Usually, randomized clinical trials (RCT) are designed and conducted to prove that a new treatment (that we will call A) is better than the standard treatment or placebo (B) (superiority trial). With a significant result, we can conclude that A is significantly better than B and we can replace the old with the new treatment in clinical practice. However, in case of a non-significant result, we cannot state that the two treatments are similar or that A is worse: absence of evidence is not evidence of absence. Sometimes a non-significant result may be due to lack of statistical power. If it has already been proved that the new treatment (A) reduces either harms or costs, then it should be considered for use in clinical practice if it is as effective as the old standard therapy (B). Unfortunately, since exact equality is usually impossible to be proved, a new RCT could be designed to answer two possible clinical questions:

  1. 1.

    “is treatment A as effective as treatment B?”

  2. 2.

    “is treatment A not significantly less effective than treatment B?”

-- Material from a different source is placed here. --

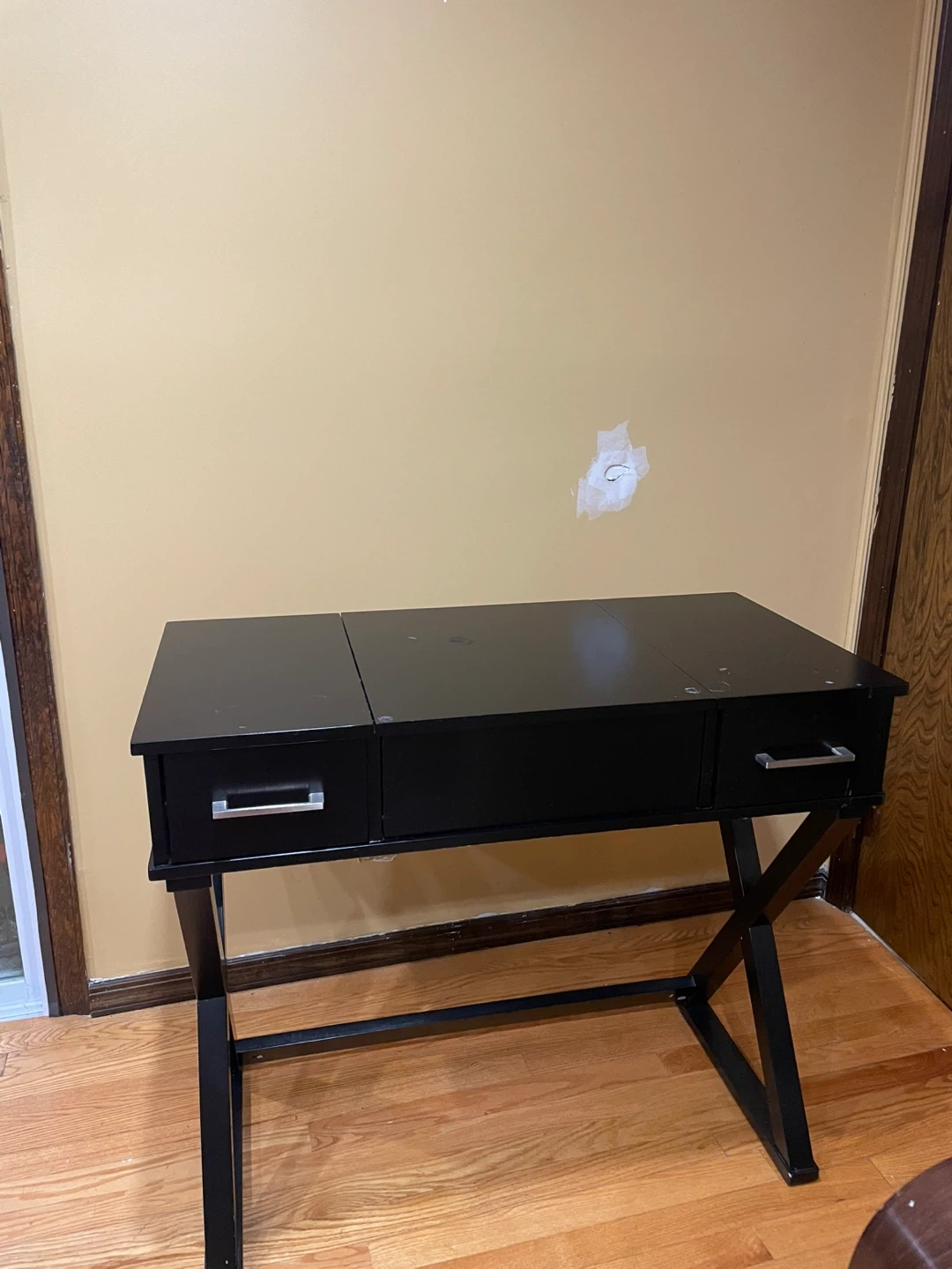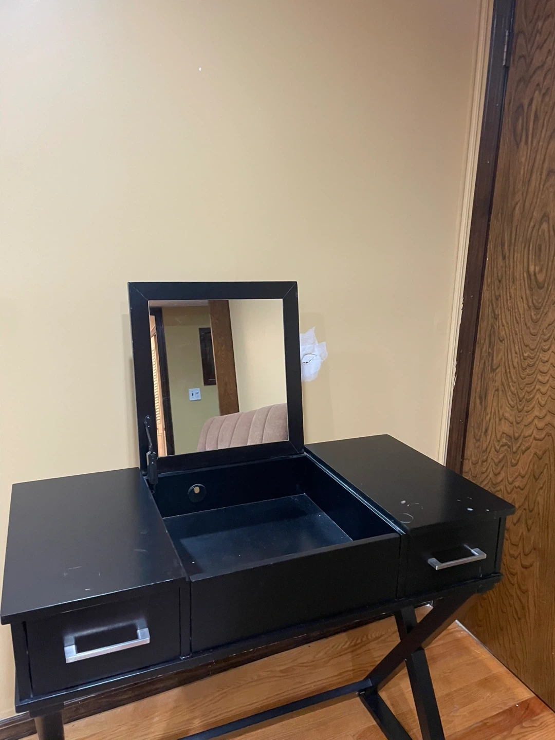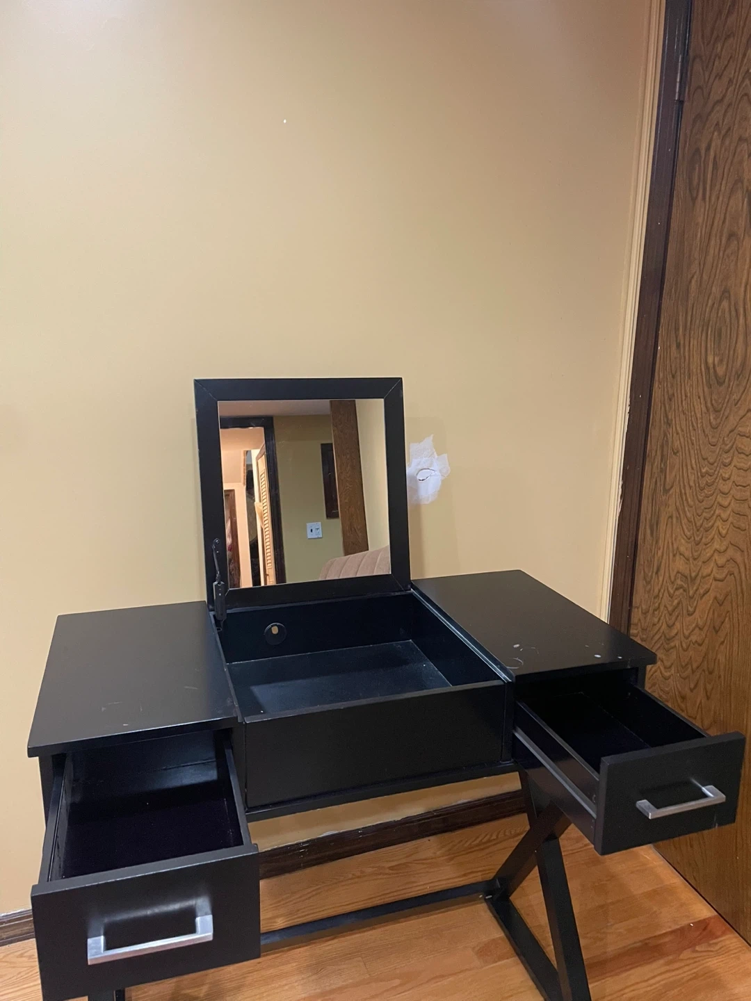 Black Vanity Desk with Mirror – Sleek and functional piece featuring two drawers for storage and a flip-top mirror. Can be used as a makeup vanity or writing desk. Sturdy design with modern metal handles.
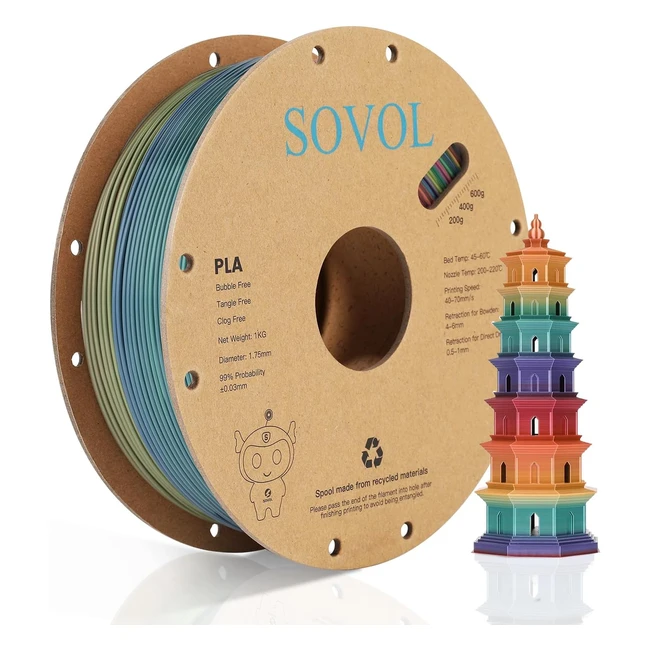 -5%Filamento PLA di seta multicolore arcobaleno con cambio rapido di colore ogni 3-5 metri. Sperimenta bei colori diversi con aspetto lucido perfetto per artigianato e progetti 3D. Materiale PLA importato dagli Stati Uniti, nessun inceppamento, bolla o groviglio. Tolleranza diametro 003mm, compatibile con la maggior parte delle stampanti 3D FDM. Imballaggio eco-friendly. Garanzia di durata. Acquista ora!

An equivalence trial is needed to answer the first question, while the non-inferiority design is the right choice for the second one. Sometimes the choice of showing equivalence or non-inferiority rather than superiority can be appropriate (and also methodologically adequate) because it may be unethical to conduct a placebo-controlled trial [2]. Usually, a non-inferiority trial could be conducted when a treatment of proven efficacy already exists and the new treatment is not expected to be more effective than the existing one but has other advantages (e.g., it is cheaper, easier to provide or has fewer side effects).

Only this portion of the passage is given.